Next, in the start control in the first embodiment, the significance of providing the inverter output stop period as shown in FIG. 15 will be described.

As described above, in the start control of the first embodiment, the first voltage is applied to the single-phase motor 12 during the first period at the time of starting the single-phase motor 12. Then, when the shunt voltage reaches the first threshold value, the application of the first voltage is stopped. By stopping the application of the first voltage, the stop position of the rotor magnetic pole can be grasped. By providing the inverter stop period in this way, it is possible to uniquely determine the stop position of the rotor magnetic pole.

In particular, when the single-phase motor 12 has a structure having an asymmetrically shaped teeth 12e, the rotor 12a is stably stopped at a position shifted in a specific direction due to the cogging torque. Therefore, the control method of the first embodiment can be suitably used for this type of motor.

If the first threshold value is too large, as shown in pattern 3 of FIG. 16, there is a possibility that the rotor position after energization will stop in a state of being shifted in the direction of reverse energization from pattern 2. If a voltage whose polarity is reversed is applied in this state, the single-phase motor 12 may rotate in the direction of reverse energization, that is, in the second direction opposite to the intended direction. Therefore, the first threshold value needs to be appropriately set so that the single-phase motor 12 does not rotate in an unintended second direction.

Further, when the first threshold value is too small, the motor applied voltage is switched in a state where the rotational torque generated by the winding 12f of the stator 12b is small. In this case, if the load torque is large, it may not be possible to give a sufficient rotational torque to the load. Therefore, the first threshold value needs to be appropriately set so that the single-phase motor 12 can give a sufficient rotational torque to the load.

As described above, according to the motor drive device according to the first embodiment, the inverter applies the first voltage to the single-phase motor during the first period at the time of starting the single-phase motor, and the first voltage is increased. In the second period after application, a second voltage in which the polarity of the first voltage is reversed is applied. Between the first period and the second period, a stop period for stopping the application of the first voltage is provided. With such control, when the single-phase motor is started without a position sensor, the single-phase motor can be started safely and surely. Further, by providing a stop section, it is possible to control the rotor magnetic pole to be located near the stable stop point. This enables stable driving even in a single-phase motor having a large cogging torque.

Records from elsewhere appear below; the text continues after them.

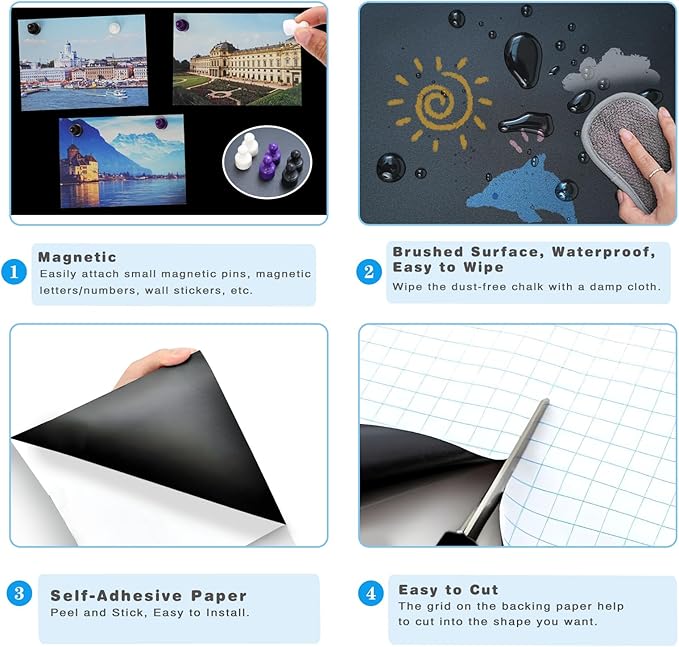 - Magnetic Receptive Surface: Our self-adhesive chalkboard sticker transforms any smooth, non-textured surface into a creative, large magnetic board or wall. This magnetic wall decal works great with Melissa & Doug wooden magnets, map puzzles, and other foam magnets. It’s also an ideal alternative to magnetic easels or magnetic paint. You can even stick it to the back of a door to create a travel photo wall.
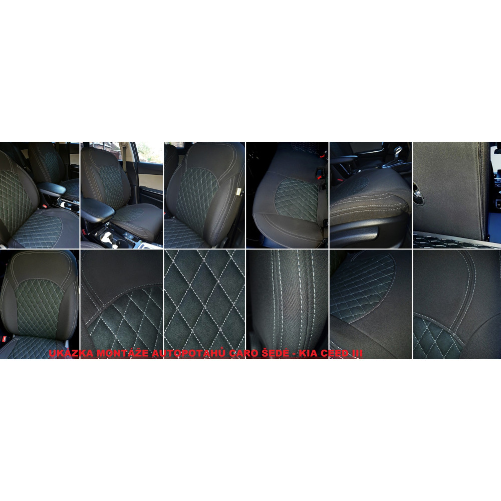 Na ilustrační fotografii je vyfocena sedačka z auta Škoda Octavia II. Vzhledem k tomu, že auta mají různá sedadla a autopotahy jsou šité přesně dle tvaru sedaček v konkrétním autě, potahy pro Váš vůz se můžou od ilustrační fotky tvarově lišit. Při výrobě a zpracování střihů pro konkrétní auto je vždy přihlíženo k původním švům a tvarům sedadel a k tomu, aby výsledný efekt byl co nejlepší z estetického a funkčního hlediska.
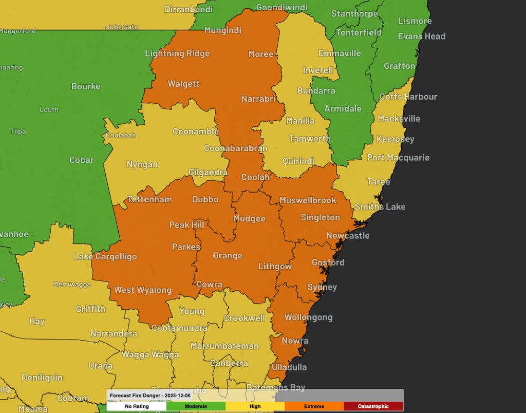 Extreme fire danger ratings are likely to develop in parts of southern NSW on Friday and central, eastern and northern NSW on Saturday. Saturday’s Extreme fire danger is likely to affect parts of the Greater Sydney, Greater Hunter and Illawarra/Shoalhaven districts.
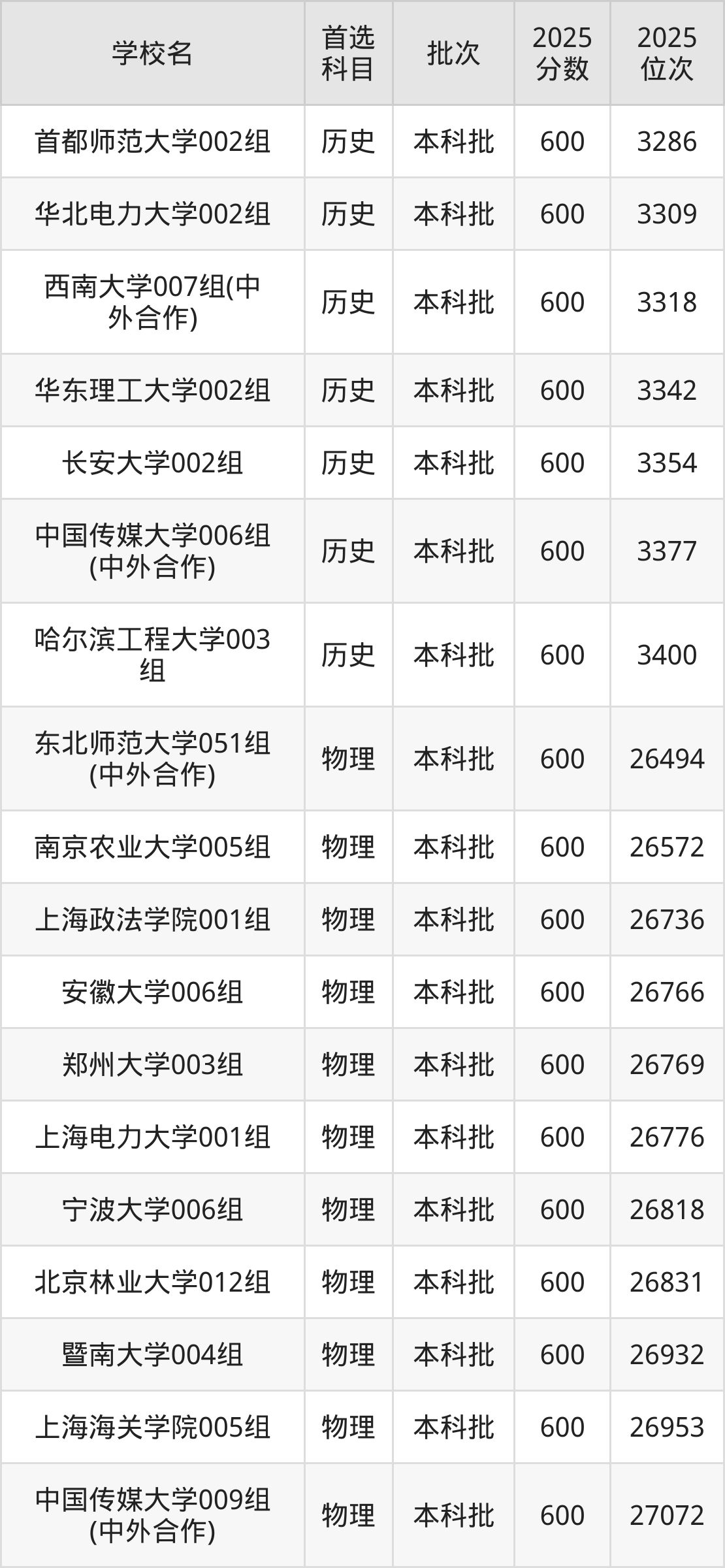 历史类600分能上的有首都师范大学、华北电力大学、西南大学、华东理工大学、长安大学等;物理类600分能上的有东北师范大学、南京农业大学、上海政法学院、安徽大学、郑州大学等。
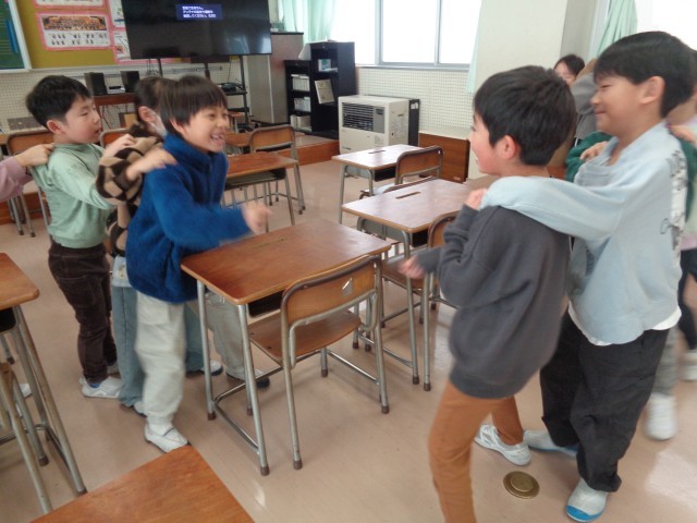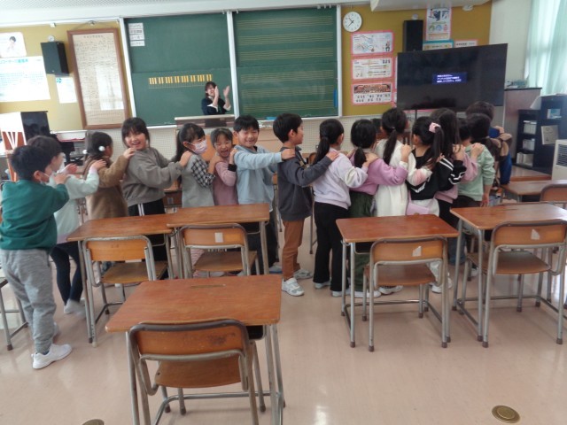 新しい音楽専科の先生との学習がスタートしています。貨物列車をしたり、絵描き歌や「おおなみこなみ」をしたりして、音楽を楽しみました。
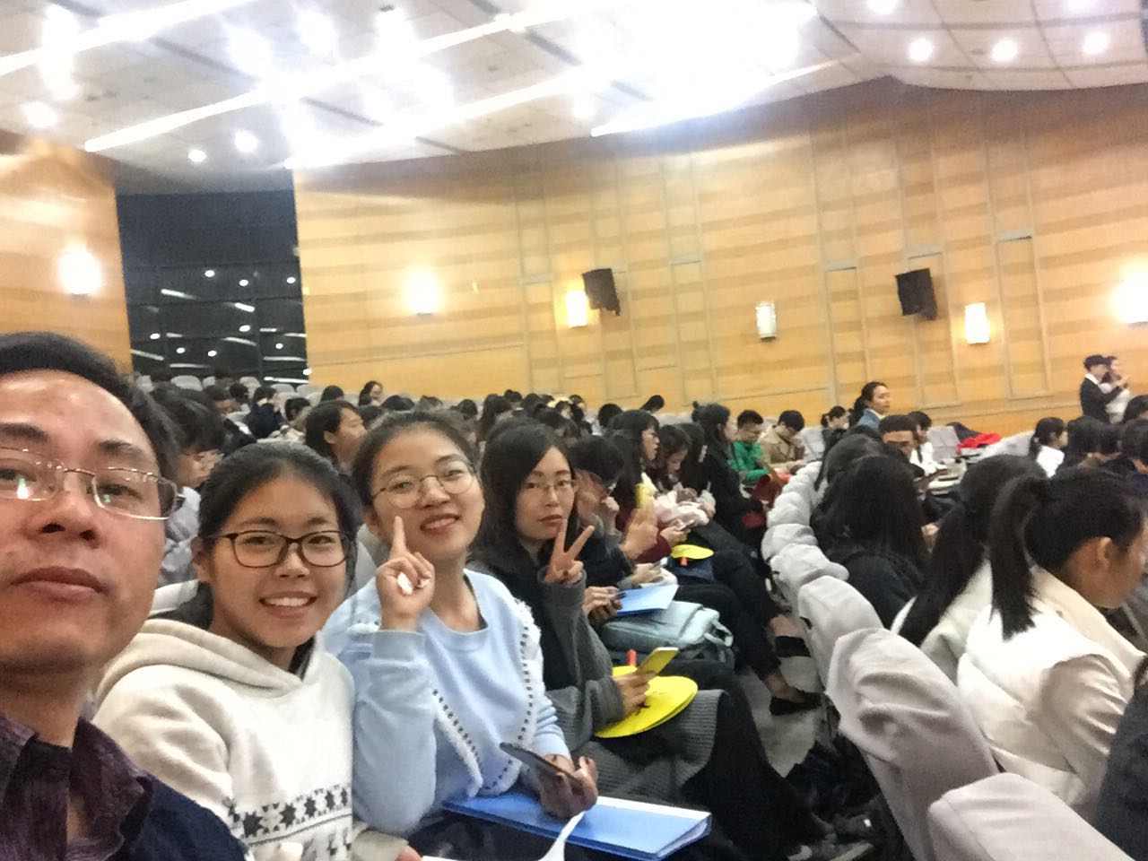 那是一个周六,原本可以在家里看着电视好好休息的一天。没有丝毫的准备,我们抱着试一试的想法问老颜:我们班有一个主题班会的决赛,你可以来看我们一下吗?没有一丝犹豫,老颜满口便答应了下来。六点半开始的节目,老颜六点便等在了报告厅。本是和第一排评委老师一样的身份,他却和我们坐在观众席里面。玩着自拍,随时地闲聊。瞧老颜那傲娇的小表情,每次看到都忍不住大笑。但是,老颜,我偷偷告诉你,你的自拍技术真的很差好嘛。上台发言也是和我们一样很紧张,说不出话来。但这并不影响我们爱你呀!
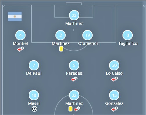 В 68-ата минута започнаха и смените в мача. Първи към тях пристъпи Лионел Скалони. Джовани Ло Селсо и Леандро Паредес отстъпиха своите места съответно на Анхел ди Мария и Езикиел Паласиос. От тези промени последва и връщането на Меси в халфовата линия, а първоначалната му позиция на дясното крило бе заета от Анхел ди Мария. Така в полузащитата на „Аржентина“ действаха Родриго Де Пол, Езикиел Паласиос и Лионел Меси, а в нападение – Николас Гонсалес, Лаутаро Мартинес и Анхел ди Мария.
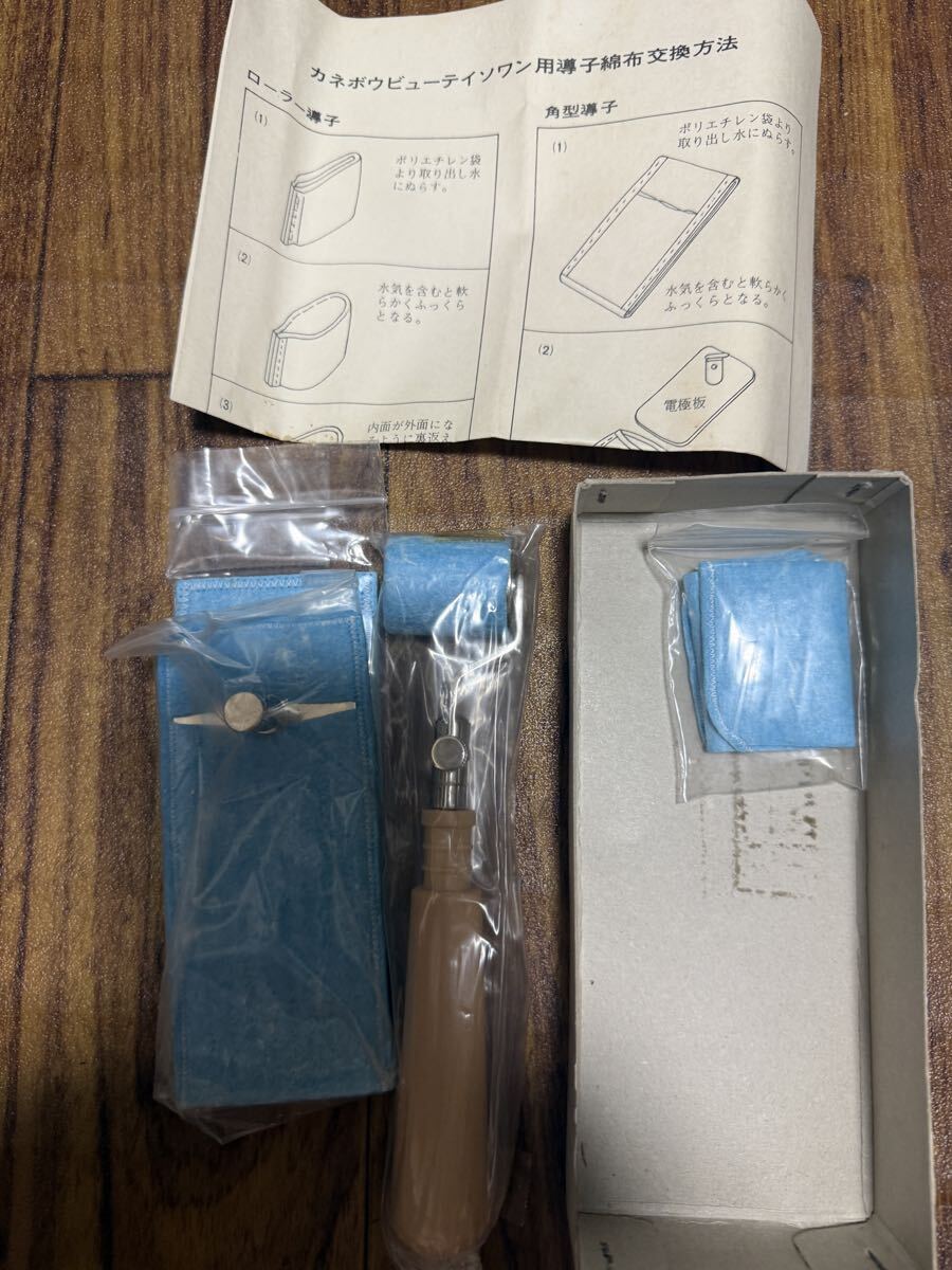 【商品の状態】カネボウ ビューティソワンエステティック機器の付属品導子綿布の交換方法が書かれた説明書と、ローラー導子、角型導子などの部品
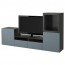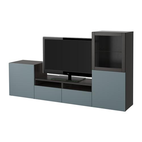 БЕСТО Шкаф для ТВ, комбин/стеклян дверцы - черно-коричневый/Вальвикен серо-бирюзовый, прозрачное стекло, направляющие ящика,нажимные
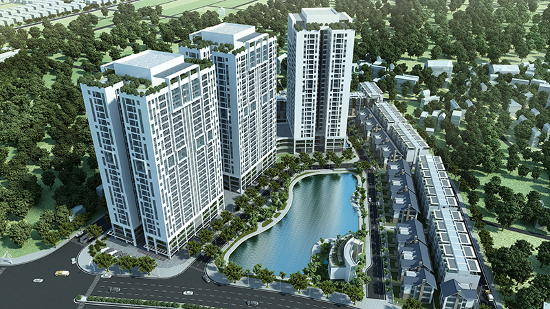 • Quy mô dự án: Bao gồm 03 tòa chung cư cao 25 tầng, 83 căn biệt thự và liên kế, công trình công cộng dịch vụ cao 2 tầng
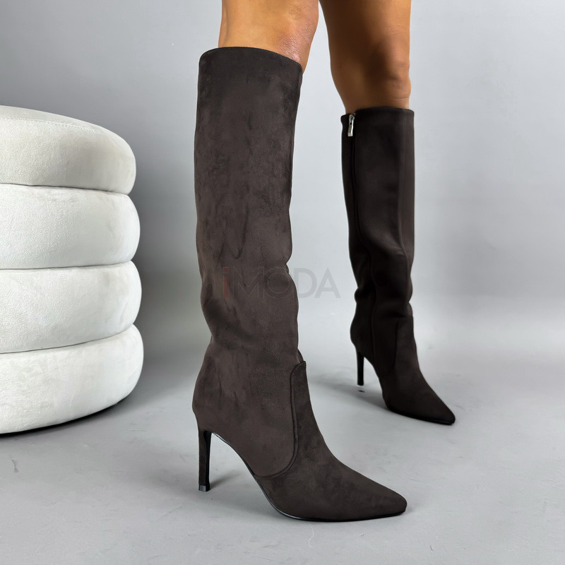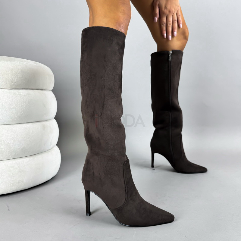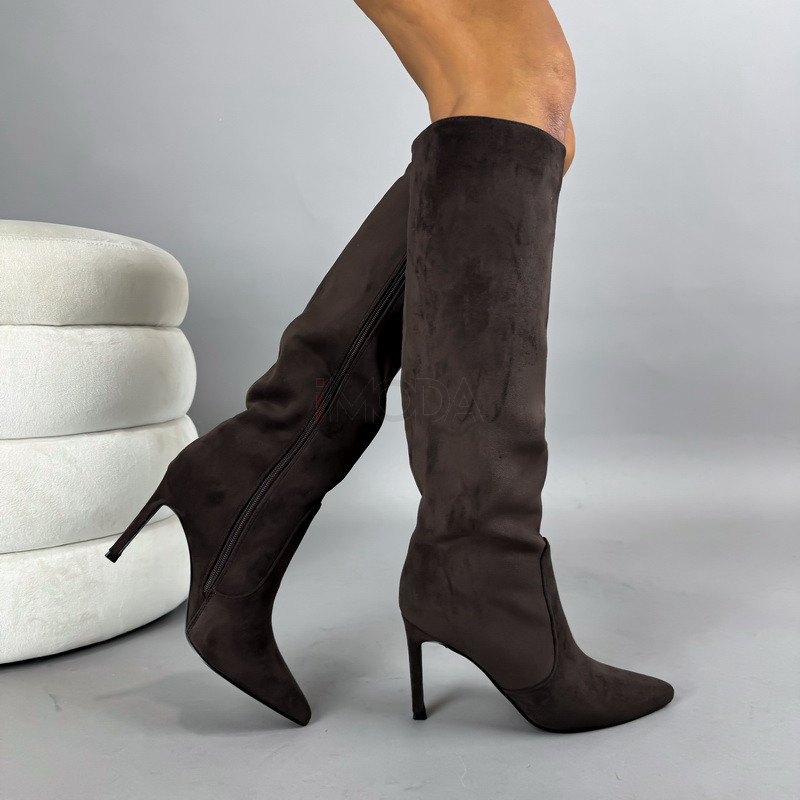 Tmavohnedé semišové vysoké čižmy - Topánky | iMODA.sk
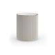 A petite barrel table like this can fit in any space. This feminine piece has a clear glass top and delicately fluted casework in Matte Pearl surrounding the piece. Inside a one-touch latch door with Whisper of Gold hardware discover one interior adjustable shelf with a finish that matches the piece.
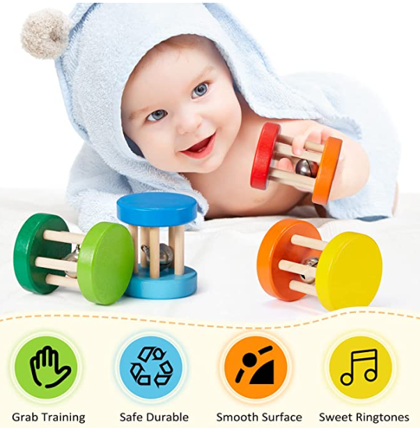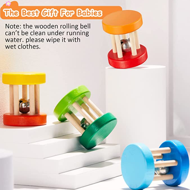 • Promote Auditory Development: these wooden baby toys are connected by five pillars, a metal bell in the middle, so they will make a crisp sound to attract babies' attention when you are shaking or rolling them, which can promote auditory development
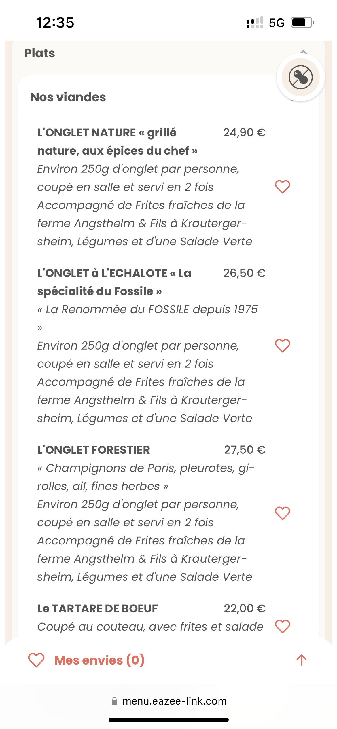 Le menu st valentin ne vaut pas le prix payé Heureusement que l'onglet est toujours aussi bon.
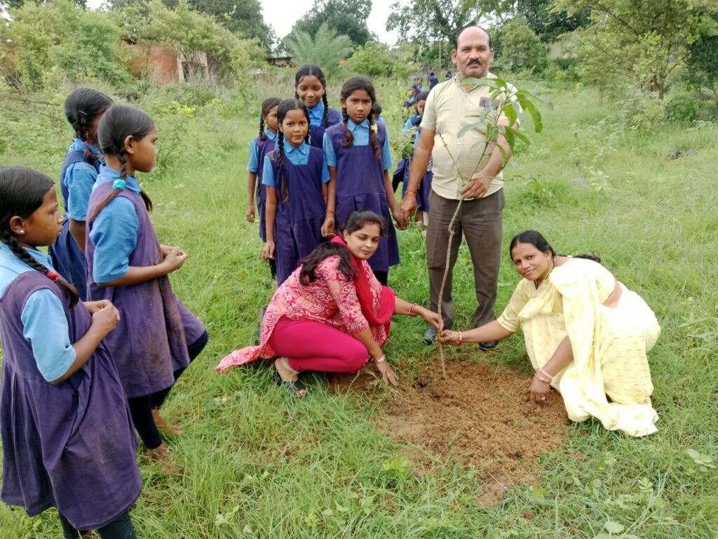 सरपंच दुलेश्वरी दीवान द्वारा ठाकुरदिया कला के शाला परिसर में पौधा रोपण संपन्न

Further, according to the motor drive device according to the first embodiment, the stop period is set so as to start after the physical quantity correlated with the motor current reaches the first threshold value. The physical quantity that correlates with the motor current can be detected by the first current detector. When this control is realized by hardware, it can be implemented on a small circuit scale. This makes it possible to reduce the size and weight of the control board. Moreover, when this control is realized by software, it can be implemented even with an inexpensive microcomputer because a small amount of source code needs to be added. Therefore, the effect of suppressing the cost increase can be obtained.

Embodiment 2.
Next, start control in the motor drive device according to the second embodiment will be described. The configuration of the motor drive device according to the second embodiment is the same as the configuration of the motor drive device 2 according to the first embodiment. In the second embodiment, the parts different from the first embodiment will be mainly described, and the description of the overlapping contents will be omitted as appropriate.

FIG. 17 is a diagram used for explaining the operation of a main part in the motor drive device 2 according to the second embodiment. In FIG. 17, the waveform of the motor applied voltage or the motor induced voltage is shown in the upper part, and the waveform of the motor current is shown in the middle part. Further, the waveform of the shunt voltage is shown in the lower part.

In FIG. 17, the definitions of the first period, the second period, and the inverter output stop section are the same as those in the first embodiment. Further, the definitions of the first voltage, the second voltage, and the first threshold value are the same as those in the first embodiment.

When the stop position of the rotor 12a is pattern 1, the single-phase motor 12 can be smoothly driven by applying the first voltage, which is the polarity of positive energization, as in the first embodiment.

Further, when the stop position of the rotor 12a is the pattern 2, the inverter 11 applies the first voltage to the single-phase motor 12, and stops the application of the first voltage when the shunt voltage reaches the first threshold value. Then, the stop of applying the first voltage continues during the inverter output stop period. When the inverter output stop period ends, the process shifts to the second period. When the second period begins, the inverter 11 applies a second voltage to the single-phase motor 12. The operation up to this point is the same as that of the first embodiment.

In the second embodiment, the level of the first top mentioned above, that is, the level of the first top where the value of the shunt voltage changes from increasing to decreasing is detected, and the detection level is set as the second threshold value. The position and level at which the first top is generated are determined by the rotational torque generated in the rotor 12a and the motor-induced voltage generated by the rotation of the rotor 12a.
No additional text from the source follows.